Anadolu’yu yurt edinmek için en büyük mücadele Türkler ile Bizanslılar arasında olmuştur. Türklerin Bizans’ı 1071 Malazgirt Savaşıyla yenmesiyle birlikte Türk nüfusu Anadolu’ya akmaya başlamış ve bölgenin nüfusu Türklerin lehine dönüşmüştür. Bu göçler neticesinde Anadolu kalıcı bir Türk yurdu olmaya başlamıştır.
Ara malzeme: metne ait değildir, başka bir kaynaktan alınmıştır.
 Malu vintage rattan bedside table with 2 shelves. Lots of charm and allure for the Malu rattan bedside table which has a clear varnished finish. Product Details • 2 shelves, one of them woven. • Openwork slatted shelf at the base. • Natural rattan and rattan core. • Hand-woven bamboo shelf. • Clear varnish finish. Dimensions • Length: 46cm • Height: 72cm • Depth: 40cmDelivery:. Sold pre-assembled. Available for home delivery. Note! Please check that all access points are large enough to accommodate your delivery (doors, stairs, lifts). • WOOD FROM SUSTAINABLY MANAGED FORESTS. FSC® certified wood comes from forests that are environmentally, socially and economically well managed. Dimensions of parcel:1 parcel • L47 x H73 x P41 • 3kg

KISACA TÜRKLERİN GENEL GÖÇ HAREKETLERİ

Türkler bazı milletler gibi toplu olarak bir arada yaşamamıştır. Bu nedenle Türk tarihini incelemek zordur. Şüphesiz bunda Türklerin sürekli göç etmeleri ve dünyanın değişik yerlerine yayılmaları nedeniyle gittikleri mekânlar da yaşayış ve idarelerini incelemek zorlaştırmıştır. Türklerin bir kısmı bozkır tipi hayat yaşarken bir kısmı da yerleşik olarak yaşamıştır. Bir kısım bulunduğu coğrafyada siyasi nüfuzunu kaybetmişken diğer kısım ise başka milletlerin tarihleri ile iç içe girebilmiştir. Böylelikle Türkler birçok milletin de tarihin de izler bırakmıştır.
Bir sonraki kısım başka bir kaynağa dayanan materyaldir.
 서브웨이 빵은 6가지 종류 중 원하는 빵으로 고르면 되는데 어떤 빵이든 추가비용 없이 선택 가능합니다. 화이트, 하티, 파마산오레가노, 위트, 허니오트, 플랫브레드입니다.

Hiç kuşku yok ki Türklerin bir millet olması da hiç kolay olmamıştır ve yaşadıkları yerlerden göç etmek zorunda kalmışlardır. Türklerin ilk yurtları ile alakalı birçok görüş vardır:

“Çin kaynaklarına göre (Altayların kuzeyi); Hammer, Vambery ve Oberhummer gibi düşünürlere göre (Kuzeybatı Asya- Tanrı Dağları arası); kültür tarihçilerine göre (İrtiş- Urallar arası, Altay-Kırgız Bozkırları, Baykal Gölünün Güneyi”2

Olduğunu dile getirmişlerdir. Bu kadar geniş sınırlar içerisinde büyük ve güçlü devletler kuran Türkler neden bu topraklardan göç etmek zorunda kaldılar bu sorulara cevap aramak gerekirse kısaca birkaç başlıkta toplayabiliriz.

Hemen şunu belirtmekte fayda var. Göçler rastgele yapılan bir toplumsal hareket değildir. Göçler ciddi nedenlere dayalı olmuştur. Hiçbir millet ve topluluk keyif için zorlu şartlara dayanarak göç etmez. Kuvvetli zaruretlerin olduğu apaçıktır.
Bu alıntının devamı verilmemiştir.